Da du ja den DIV eventuell über Ajax einbindest fliegt einen der W3C ja nicht mehr um die Ohren sobald man andere Attribute benutzt als die erlaubten.  Ich geh einfach mal davon aus das dies der Fall ist darum noch die kleine Änderung ich hatte wohl eindeutig zuviel Kaffee.

*// EDIT*

crap sry da ist mir nen Fehler unterlaufen


----------



## Kipaboy (8. Januar 2008)

Danke für deine Hilfe aber ich stand wohl total auf dem Schlauch... brauche gar nicht so eine komplizierte Lösung.

Kann das auch einfach über eine checkvariable laufen lassen. Aber ist gut zu wissen wie das ganze jetzt einigermassen funktioniert werde mir das auch gleich nochmal genauer anschauen und warscheinlich anderweitig und abgeändert verwenden können..


----------



## FipsTheThief (8. Januar 2008)

Ob du so ne "komplizierte" Variante brauchst glaube ich auch nicht  

Also es würde quasi bei Dir 1 Zeile reichen , suchst Du nach der ID ist es document.getElementById(id) oder ist es der Name reicht es aus zu fragen document.namevomelement.

Das was ich da nun hingekleistert habe kann quasi alles finden also nicht nur DIV Layer.

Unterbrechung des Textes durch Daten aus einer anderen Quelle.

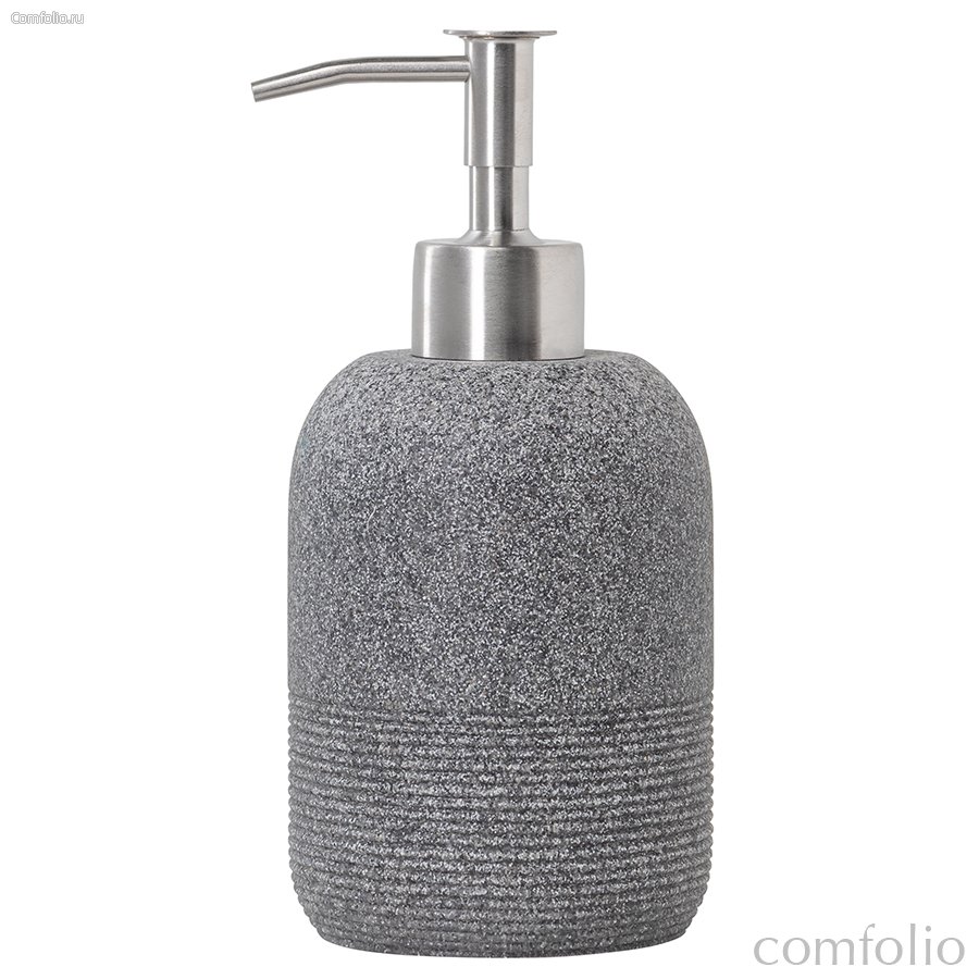 "Диспенсер для жидкого мыла Loup имеет корпус из полирезина, стилизованного под натуральный камень графитового оттенка.
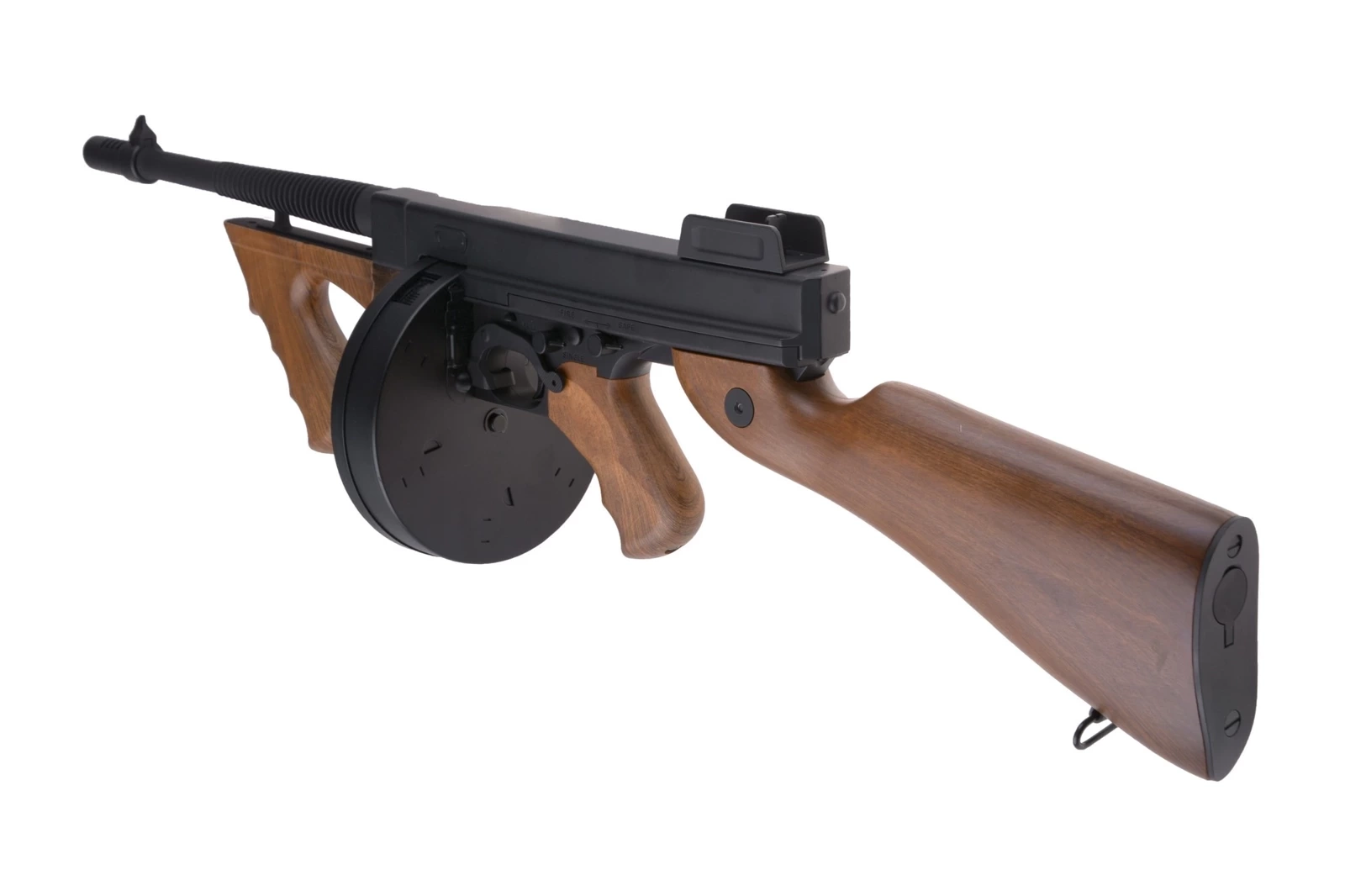 A replica of a classic American submachine gun in a “gangster” version known from movies - with a forward grip and a drum magazine. The replica was made practically entirely of metal (ZnAl). Parts that were made of wood in the original here were made of polymer with a color that perfectly imitates wood. The battery is stored inside the fixed stock and can be accessed after the removal of the stock pad. The stock and the cradle feature steel tactical sling swivels.
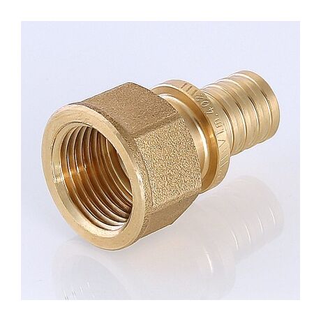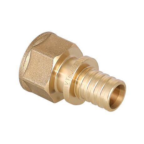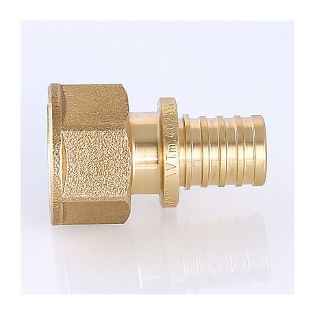 Фитинг надвижной VTm.402.G – прямой латунный аксиальный фитинг с переходом на внутреннюю резьбу для монтажа соединений труб из сшитого полиэтилена и полиэтилена повышеной термостойкости.
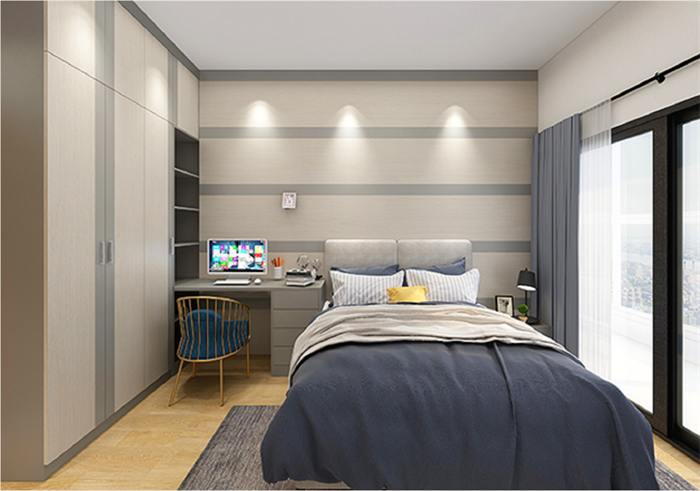 卧室有一个超大肚量的衣柜,高度直接到顶,宽度占据一整面墙,衣柜+书桌书柜一体设计,收纳衣物、写字看书学习都有了。
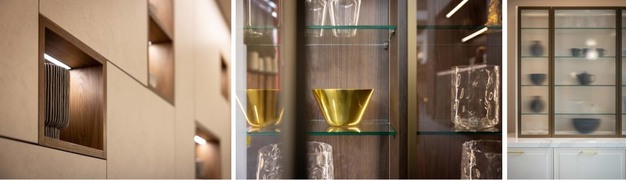 Glass continues to define zones within open-plan kitchens without introducing physical barriers. Two main trends are emerging: coloured glass in warm, earthy and near-black tones, and fluted or reeded glass fronts that reinterpret structured cabinetry. Smoked brass glass and fluted panels are positioned as alternatives to conventional handleless units, offering texture and a layered visual effect.
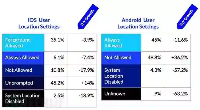 移动端操作系统对于位置共享的态度也各不相同。Android系统在权限许可方面的选择要更少一些,但尽管如此,选择不共享位置信息的用户也增长了36%,iOS端则是降低了18%。
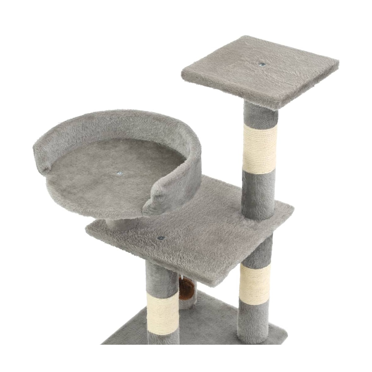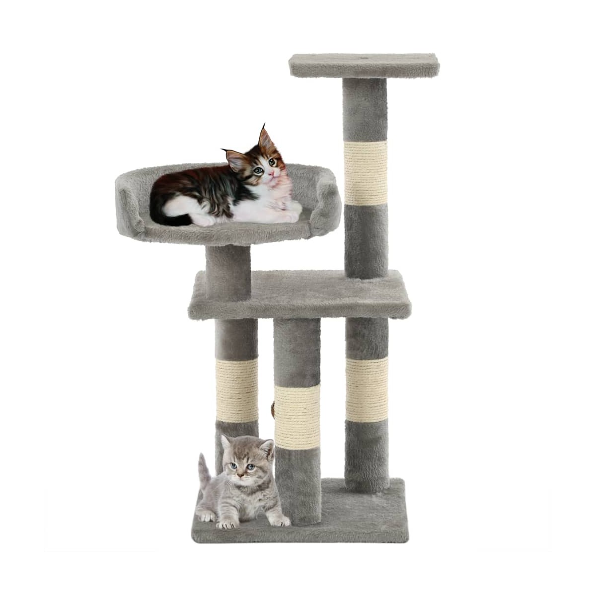 Con este poste/árbol de alta calidad, tus gatos pueden rascar, sentarse, esconderse, escalar y relajarse todo el tiempo que deseen. Se adaptará a cualquier decoración. Este rascador para gatos permitirá a los suyos estirarse y hacer ejercicio, especialmente en los fríos meses de invierno, cuando sus gatos estén encerrados en casa. La superficie afelpada y alfombrada es muy cómoda, y los postes rascadores envueltos en cuerda de sisal satisfarán el instinto de afilarse las uñas de sus gatos. Tiene una bola colgante, plataformas de observación y otras donde relajarse con que mantener entretenido a su amiguito. La base es robusta y estable. El rascador es apropiado para varios gatos y de fácil montaje.

Sei es eine Tabelle , Link, Liste weiß der Geier was mit jedem beliebigen Attribute , wobei mit beliebigen Attributen sollte man schon vorsichtig sein wenn man den HTML Code valide haben will, also sowas nennt man dann wohl mit Kanonen auf Spatzen schießen in deinen Fall  

Das ganze läuft über Rekursion ab , wir nehmen das Grundelement und laufen alle Kinder durch. Sollte das Kind Element nun noch weitere Kindelemente haben ruft sich die Funktion selber noch einmal auf das neue Root Element ist nun aber das Kindelement.Sozusagen gehen wir vom Kind die Kinder auch noch alle durch. Das würde helfen wenn der HTML Code sehr verschachtelt ist. 

Sollte das Element gefunden worden sein wird found auf wahr gesetzt und dann gehts raus.


----------